Neurotrophins are likely to have diverged from a
common ancestor. Present time neurotrophins may still share common
determinants of binding to different Trk family members, while their
variable regions have probably evolved through the acquisition of
specific binding determinants that allow specificity. Why have the
interactions of NT-3 with TrkA and TrkB been preserved during
neurotrophin evolution? Are these molecular relics of interactions
between ancestral neurotrophins and Trks?

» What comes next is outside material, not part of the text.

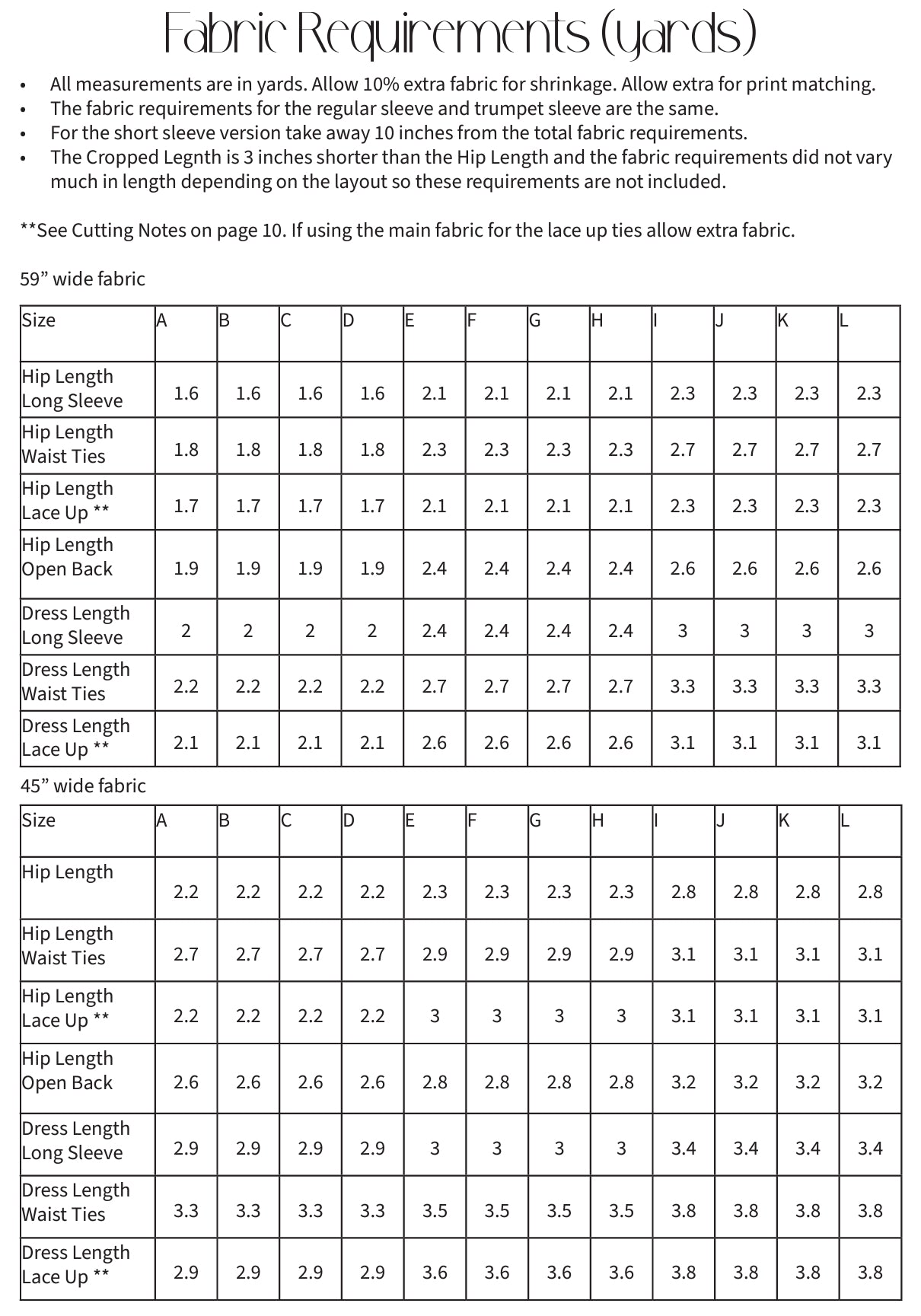 Fabric will play a key role in the finished style of this shirt. For a tradional shirt style choose a cotton or lightwieght linen. If you want something with a more romantic vibe choose a fabric with more drape like a viscose or lightweight Tencel. If you choose a plain fabric you can make details stand out with a contrast ribbon for the lace up or statement buttons. There are so many options to make this shirt totally you!

The fact that the
R31A+H33A mutation did not affect binding to TrkC suggests that
these residues could not have been maintained because of their
importance in TrkC binding as they are dispensable for binding to this
receptor. On the other hand, the complete inability of the
R31A+H33A mutant to interact with p75 suggests
that a need to maintain binding to the low affinity receptor could have
imposed evolutionary constraints to the rate of divergence of these
residues. Thus, NT-3 binding to TrkA and TrkB may be an indirect
consequence of the overlap with the p75
binding site,
suggesting that non-cognate interactions of NT-3 with TrkA and TrkB may
be physiologically irrelevant. Alternatively, NT-3 could have yet
unknown functions, required for normal development and survival,
mediated via TrkA and TrkB. The physiological relevance of the
interactions of NT-3 with p75
, TrkA, and TrkB receptors
could directly be addressed by introducing the R31A+H33A mutant
gene into NT-3 -/- mice(42) .
In this report, we describe a monospecific mutant NT-3 that exhibits normal activities toward TrkC, although it is unable to bind or to activate TrkA and TrkB. Because neurotrophins are being developed as therapeutic agents for nerve injury and neurodegenerative diseases, it is important to consider the potential effects of NT-3 on neurons expressing TrkA and TrkB in addition to those that express TrkC. In this respect, the mutant NT-3 described here may be of greater advantage than native NT-3 when a therapeutic treatment needs to be specifically targeted to TrkC-expressing neurons.